Background*
Children represent the future of human civilization and the future of every
society. To permit them to be used as pawns of warfare, whether as targets or
perpetrators, is to cast a shadow on the future. From generation to generation,
violence begets violence, as the abused grow up to become abusers. Children who
are thus violated carry the scars of fear and hatred in their hearts and minds.
Forced to learn to kill instead of pursuing education, the children of conflict
lack the knowledge and skills needed to build their own futures and futures of
their communities. For society, the lives destroyed and the opportunities lost
can have devastating effects on its long-term stability and development.
As the Preamble to the Charter of the United Nations emphasizes, our first
duty is "to save succeeding generations from the scourge of war". In this we
have failed profoundly. Not only are millions of children still the victims of
war, far too often they are its principal targets and even its instruments.
Presently, in approximately 50 countries around the world, children are
suffering from the effects of conflict and its aftermath.
For all the children deliberately massacred or caught in crossfire or maimed
by anti-personnel land mines, many more have been deprived of their physical,
mental and emotional needs in societies at war. Millions have lost their homes
and their parents, not to mention years of education and their youth.
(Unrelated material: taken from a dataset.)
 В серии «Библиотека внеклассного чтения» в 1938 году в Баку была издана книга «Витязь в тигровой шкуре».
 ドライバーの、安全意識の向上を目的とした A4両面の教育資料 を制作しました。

Some have
been permanently traumatized by the events they have witnessed and experienced.
In today's internecine conflicts, children are specifically targeted in
strategies to eliminate the next generation of potential adversaries. To the
same end, children, especially girls, have been made the targets of sexual
abuse and gender-based violence on a large scale. Most cynically, children have
been compelled to become instruments of war, recruited or kidnaped to become
child soldiers, thus forced to give violent expression to the hatred of adults.
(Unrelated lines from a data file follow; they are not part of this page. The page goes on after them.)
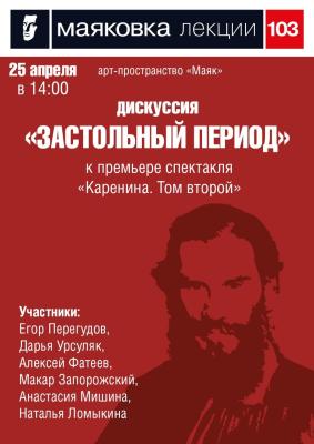 В рамках просветительской программы будущей премьеры «Каренина. Том второй» 25 апреля в 14:00 в арт-пространстве «Маяк» пройдет дискуссия «Застольный период» – встреча с режиссером, артистом и модератором-литературным критиком на этапе репетиционного процесса.
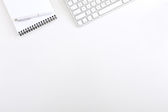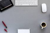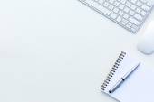 Biuro biały stół z komputera mysz i notatnik widok z góry
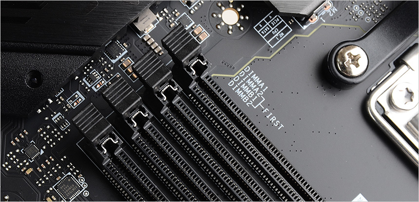 메모리 슬롯 가이드는 양쪽 모두 오픈되도록 설계되어 편하게 장착할 수 있었으며 메모리 장착 우선순위가 메인보드에 프린팅 되어 초보자도 쉽게 듀얼채널을 구성할 수 있다. 또한 장착부에는 메탈 쉴드 처리가 되어 있어 잦은 탈부착으로 인한 파손을 미연에 방지한다.
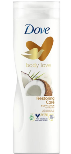 De Dove Bodylotion Restoring Ritual Coconut & Almond is een rijke lotion met kokosolie en amandelmelk, voor een hersteld en zacht gevoel.
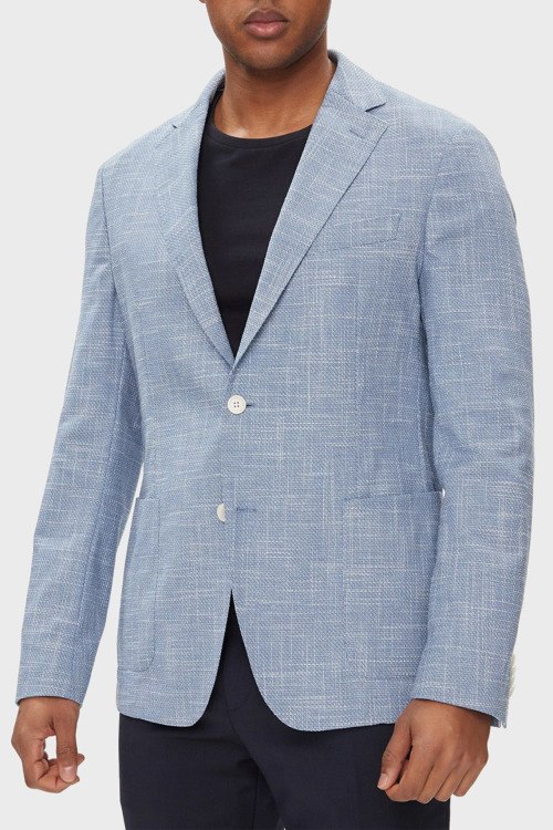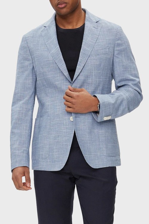 Детали: Мужской голубой пиджак из шерсти и льна от Hugo Boss (Хуго Босс). Отложной воротник, застежка на пуговицы, прорезные карманы с клапаном, нагрудный карман, манжеты на пуговицах
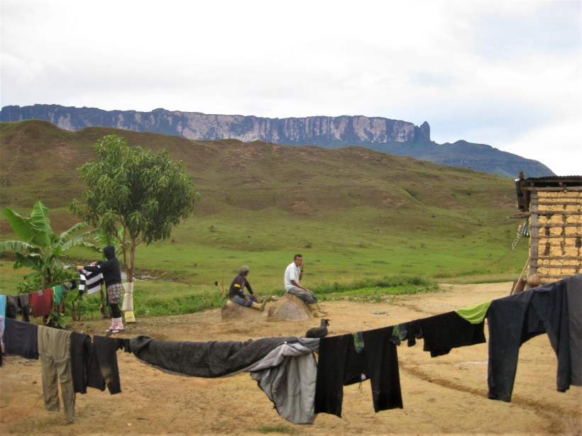 So I got myself to Santa Elena and booked myself onto a walk with Backpacker Tours and off we went towards a small, indigenous village at the beginning of the walk called Pataitupüy, managing to blow a tyre on the way whilst doing 140kph. Gotta love Venezuela. Miraculously we arrived in one piece, registered then began the walk. Day one of six. Bring it on, bitches. The first day is about 12kms across the savannah and you’re advised to walk in long sleeves and trousers so the puri-puri have less options for sampling the goods that are your blood cells. Anything that bites bites me so I complied, not entirely comfortable but I’d seen the state of some of the people who’d just done the trek, you could barely see parts of their skin for the bites. Fuck that for a game of soldiers, I’ll just sweat.
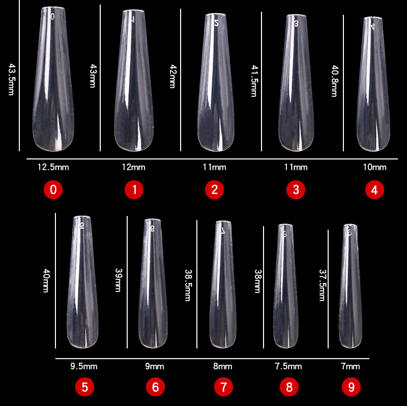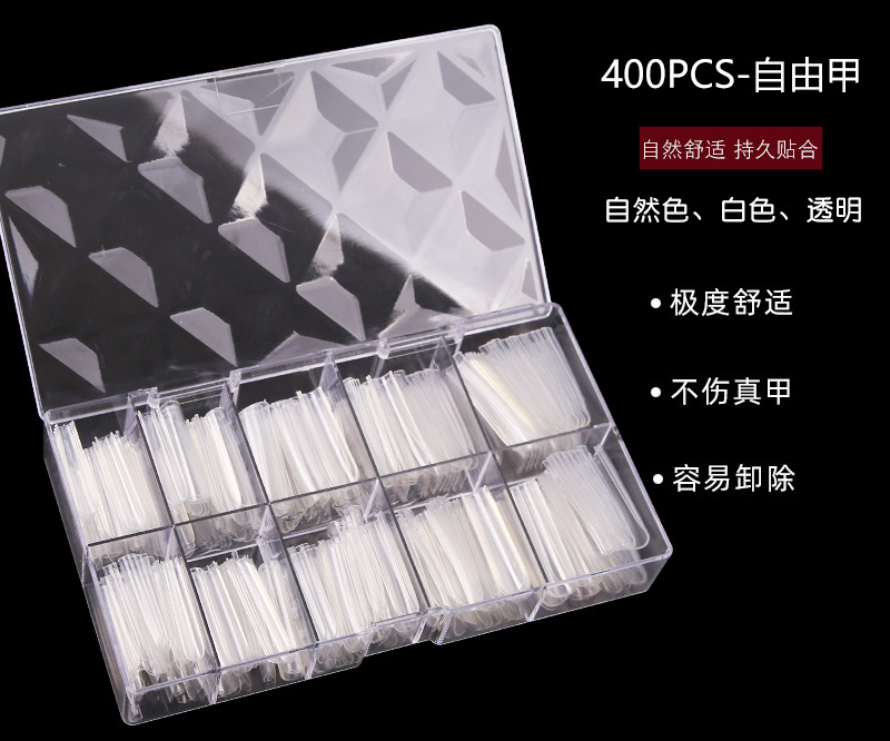 300 pieces full stickers t-type free nail fake nails transparent patch long ballet 4.4cm super long hot nail 中文版
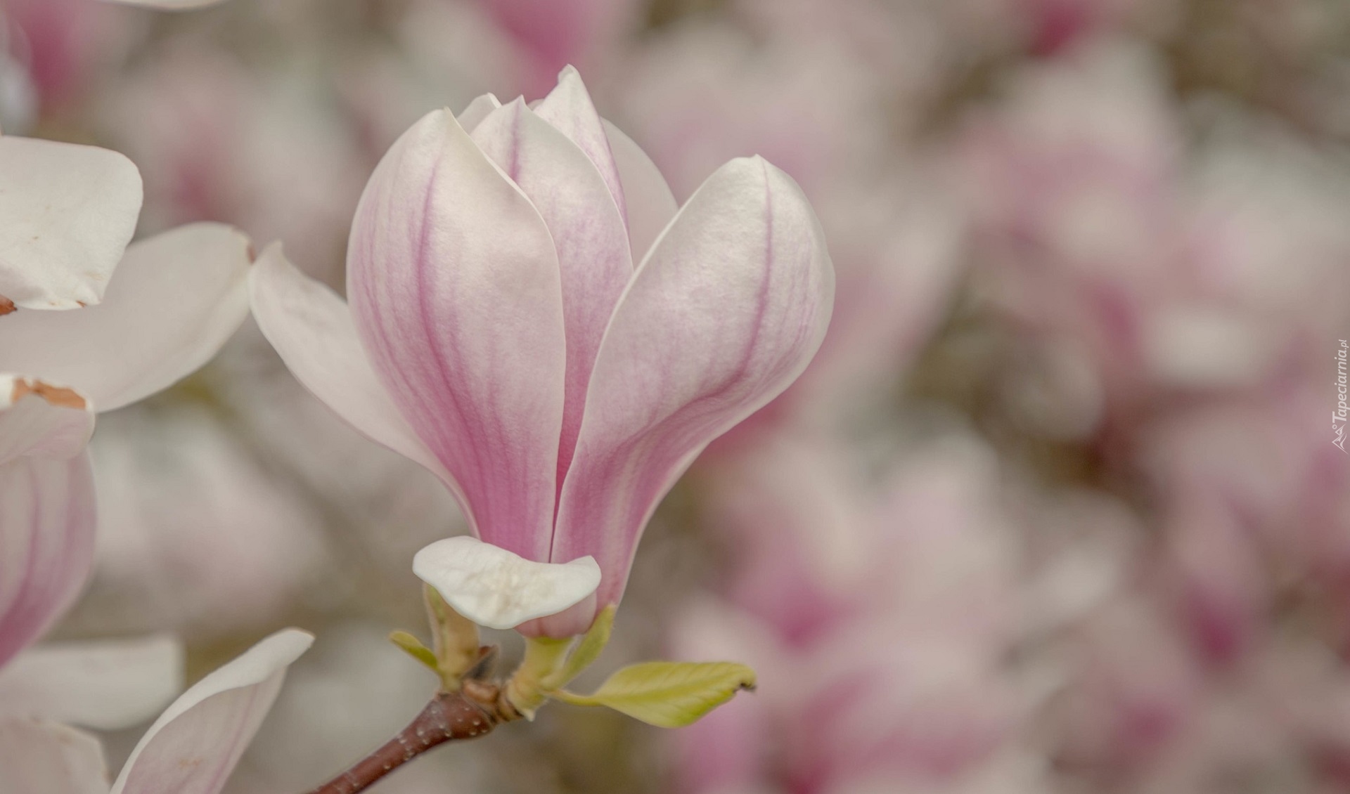 Edytor tapety: Rozkwitająca bladoróżowa magnolia
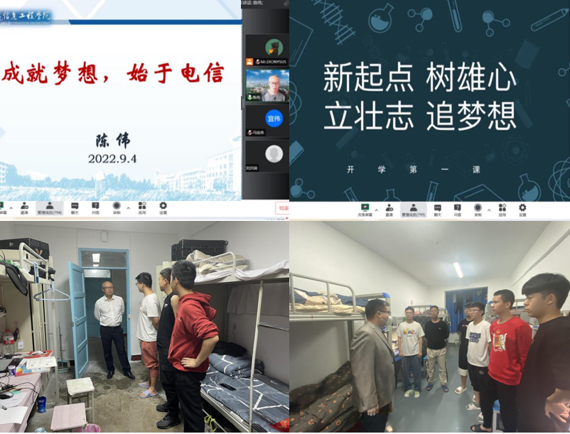 电信学院通过腾讯会议举办2022级“大学第一课”新生入学教育暨新生入党启蒙第一课活动。学院邀请学院领导担任主讲嘉宾。讲座主要从学院的发展历程、师资力量、实验室建设、未来发展、创新创业、学科水平等方面,向大家做详细的介绍和展示。为了让2022级新生更快适应学校生活,学院领导班子成员及辅导员、班主任老师深入学生宿舍,勉励大家珍惜在校学习时光,践行“红柳精神”,做新时代的青年。

In all, an estimated 2 million children have been killed in situations of armed
conflict since 1987, while three times that number have been seriously injured
or permanently disabled.
The international community has an obligation to be concerned about the
protection of all non-combatants caught in the midst of violent conflicts. Yet
there is an urgent need to focus special attention on the plight of children.
They are the ones least responsible for conflict, yet most vulnerable to its
excesses. Children, as the most innocent and powerless victims of armed
conflict, require special protection. In zones of conflict, international
advocacy and intercession are essential to ensure that parties to conflict
commit themselves to the protection of children from exploitation, abuse and
brutalization. The international community must ensure that those who target
children do not continue to do so with impunity.
*Background information provided verbatim from the Report of the United
Nations Secretary General's Special Representative for Children and Armed
Conflict to the General Assembly, 12 October 1998, "Protection of children
affected by armed conflict."
The United Methodist Church urges:
1.The General Boards of Global Ministries and Church and Society, and the
Bishops' Initiative on Children and Poverty to work with local churches to
implement the recommendations of the World Council of Churches (Eighth
Assembly, Harare, Zimbabwe) to:
C call for an immediate moratorium on the recruitment and participation of
children as soldiers and the demobilization of existing child soldiers;
C work to prevent the compulsory or voluntary recruitment or re- recruitment
of former soldiers, taking particular account of the needs of former girl
soldiers;
C promote the establishment of international standards to this effect, in
particular the adoption of an optional protocol to the Convention on the
Rights of the Child raising the minimum age from 15 to 18 years for all forms
of recruitment and participation in hostilities; and
C urge their national governments to adopt and apply such standards in their
own national legislation.
2.The General Boards of Global Ministries and Church and Society, and Bishops'
Initiative on Children and Poverty to:
C offer humanitarian assistance, where possible, to children traumatized by
the experience of having been a child soldier; and
C urge United Methodists in the United States to demand that the United
States Government ratify the United Nations Convention on the Rights of the
Child which only the United States and Somalia have not ratified.